Het aantal sterfgevallen door borstkanker is in de Verenigde Staten met 58% afgenomen tussen 1975 en 2019. Dat blijkt uit een studie van Stanford Medicine, die afgelopen week is gepubliceerd in Journal of the American Medical Association (JAMA).
De lagere sterfte is te danken aan drie factoren: betere screening (bevolkingsonderzoek), betere behandeling van vroege borstkanker en een effectievere aanpak van uitgezaaide borstkanker. Deze factoren zijn afgerond goed voor respectievelijk 25, 47 en 29% van de sterftedaling.
Vergeleken met een soortgelijk onderzoek in 2005 is het relatieve belang van screening gedaald. ‘Betere aanpak van vroege borstkanker, gebaseerd op het moleculaire profiel van de kanker, is nu de factor die zorgt voor de grootste reductie van sterfte’, zegt professor Sylvia Plevritis, co-senior auteur van het JAMA-artikel.
‘Een indrukwekkende studie in JAMA, die aantoont wat de afgelopen jaren is bereikt op het gebied van borstkanker, met de combinatie van vroegdiagnostiek en betere behandelingen.’ Dat schreef Maurice van den Bosch, bestuursvoorzitter Antoni van Leeuwenhoek (Nederlands Kanker Instituut), afgelopen week op LinkedIn over de nieuwe studie.
In Nederland komt borstkanker steeds vaker voor.
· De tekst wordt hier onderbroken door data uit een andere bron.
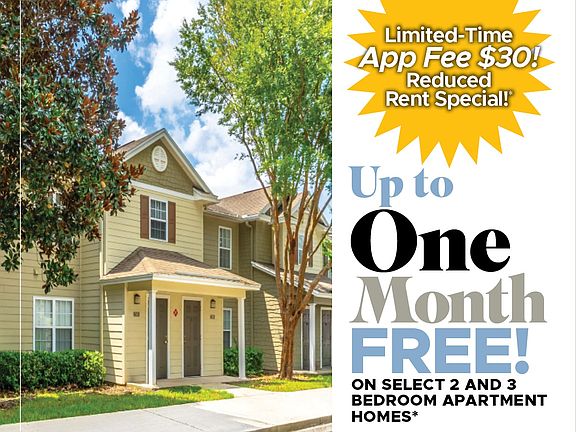 - Special offer! Up to One Month Free on Select 2 and 3 Bedroom Apartment Homes.* For a Limited Time, App Fee is only $30!* *May be subject to being split over three(3) full months of residency. Must move in by 12/12/25. Restrictions apply, contact leasing office for details.
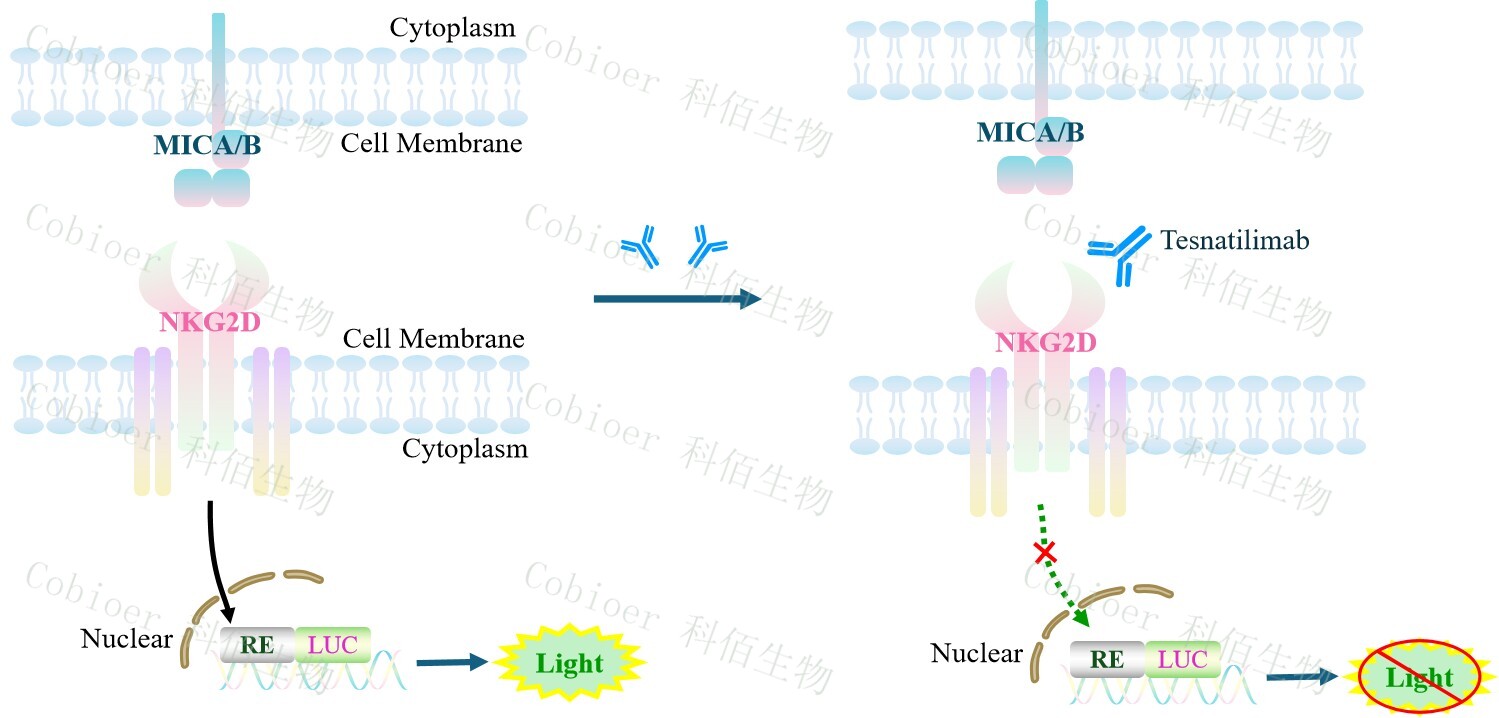 NKG2D Effector Reporter Cell 報告基因藥靶模型很好的模擬了體內(nèi) NKG2D 的信號轉(zhuǎn)導過程,原理見下圖所示。![]() Figure 1. NKG2D Effector Reporter Cell 細胞模型原理圖 |

Een op de zeven vrouwen wordt er vroeg of laat mee geconfronteerd. Het aantal jaarlijkse diagnoses steeg tussen 2011 en 2021 van 14.135 naar 15.795. Maar het aantal patiënten dat aan deze ziekte overleed, daalde juist in deze periode: van 3.283 naar 3.127.
Bij patiënten met stadium IV (uitgezaaide borstkanker) is de overlevingskans de laatste jaren slechts beperkt toegenomen. De sterkste verbetering van overleving is te zien bij patiënten met een stadium II of III borstkanker bij diagnose, schrijft het IKNL. De 10-jaars relatieve overleving voor deze patiëntgroepen is sinds 1989 gestegen met respectievelijk 21% en 25%.
‘Borstkanker is een duidelijk voorbeeld van een ziekte die steeds beter te behandelen is, ook in ons land’, zegt Peter Bertens, manager Innovatie bij de Verenging Innovatieve Geneesmiddelen (VIG). ‘Dat komt voor een deel door betere diagnostiek, denk aan nieuwe imaging methodes, en door betere chirurgische behandelingen. Maar er is ook veel te danken aan de ontwikkeling van betere therapieën.’
Op dit moment is een grote groep geneesmiddelen beschikbaar, die allemaal op een andere manier werken. Al aan het einde van de vorige eeuw zijn medicijnen ontwikkeld die specifiek de groei van kankercellen konden afremmen. Recenter ontwikkelde geneesmiddelen bestaan uit combinaties van een antilichaam (dat gericht kankercellen opzoekt) met een chemotherapeuticum (dat giftig is voor een kankercel). Daardoor kunnen kankercellen die niet met een operatie te verwijderen zijn tóch worden aangepakt.
Sommige tumoren reageren goed op de behandeling met een hormoon. De effectiviteit van deze behandeling neemt nog toe als ook geneesmiddelen gebruikt worden die celdeling afremmen. Ook wordt tumorgroei soms afgeremd door geneesmiddelen die de vorming van nieuwe bloedvaten in tumoren blokkeren.
Een andere gamechanger was de ontwikkeling van specifieke diagnostiek. Hierdoor kon het genetische profiel van de tumor gebruikt worden bij de keuze van een behandeling. Dit maakt de kans op een geslaagde behandeling veel groter en voorkomt ook onnodige behandelingen.
‘Maar helaas kunnen we nog steeds niet iedereen goed helpen’, vervolgt Bertens. ‘Zo is de behandeling van kanker die niet hormoongevoelig is vaak nog lastig. Op dit moment worden ook de eerste celtherapieën (CAR-T) getest. Hierbij worden bepaalde cellen uit het bloed van patiënten in de fabriek genetisch aangepast, zodat ze, na terugplaatsing in het lichaam, extra krachtig zijn in het gericht vernietigen van tumorcellen. Verbeteringen zijn er ook nog te verwachten bij de toepassing van nieuwe chirurgische technieken.’
Juist omdat innovatieve therapieën bij kanker vaak levensverlengend en soms zelfs genezend zijn, blijft de VIG graag in gesprek over betere toegang tot deze behandelingen in Nederland.